Sunday, April 17, 2011

A million little stitches

Like with any project, before I began the Whisper Cardigan I looked through the projects on Ravelry to make sure it was possible to recreate the garment in real life. Frequently, it appears to be difficult for the average person to follow a pattern and end up with anything remotely like what was pictured. Or it’s possible, but looks terrible on people not shaped like the model in the photo.

Usually I also look for comments on how pleasant, or torturous, the pattern is to work on. For instance, are you required to pick up approximately 4,367 stitches along an edge?

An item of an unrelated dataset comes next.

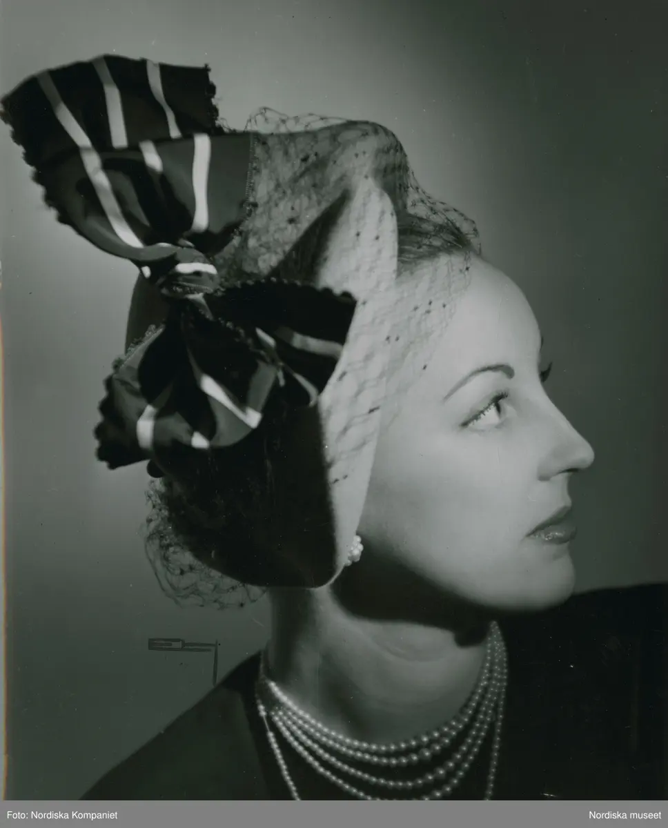 Modell i platt hatt placerad på ena sidan av huvudet. Randig rosett, flor.

I mention this because it has become obvious to me that I did NOT look for such comments this time. And last week I had to pick up approximately 4,367 stitches around the opening of the damn thing.

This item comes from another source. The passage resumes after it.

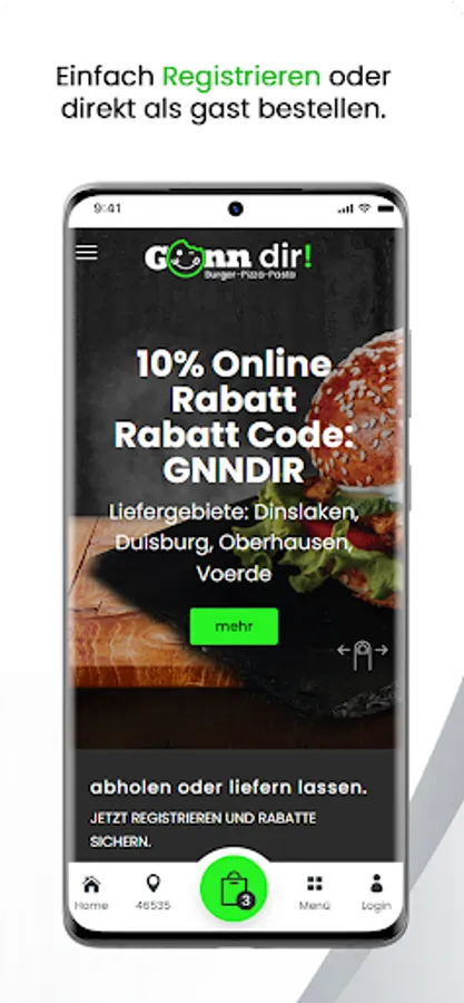 You too can download our app and register free of charge for valuable and fast food to your home!

Had I read through the pattern before starting (a lesson that is apparently impossible for me to learn) I would have realized that the construction is a little different from what I’ve been telling everyone within earshot. I was under the mistaken impression that I knit the side-to-side shrug portion (sleeve, upper back, second sleeve) and then pick up stitches just along the back and work downward. In fact, after knitting that top shrug-like part, I had to pick up stitches around the entire opening. Some will be knit downward for the back as expected, but the rest form a band around the whole neckline and armhole area.

I was so surprised by this development that after spending the afternoon bent over my project in the manner of a Dickensian factory worker, I looked again at the Ravelry projects for overlooked warning signs. One of the first comments I saw regarding the picked up stitches was “I imagine it’s how the Egyptian slaves would’ve felt if told they had to build the pyramids out of field stones.” Yeah, missed that one the first time.

But maybe it’s a good thing that I was oblivious. Surely I would have foregone the entire project had I known about this and I’m really pleased with how it’s coming out. The edging really makes the cardigan look structured and pretty.

You can't tell from this photo, but take my word for it.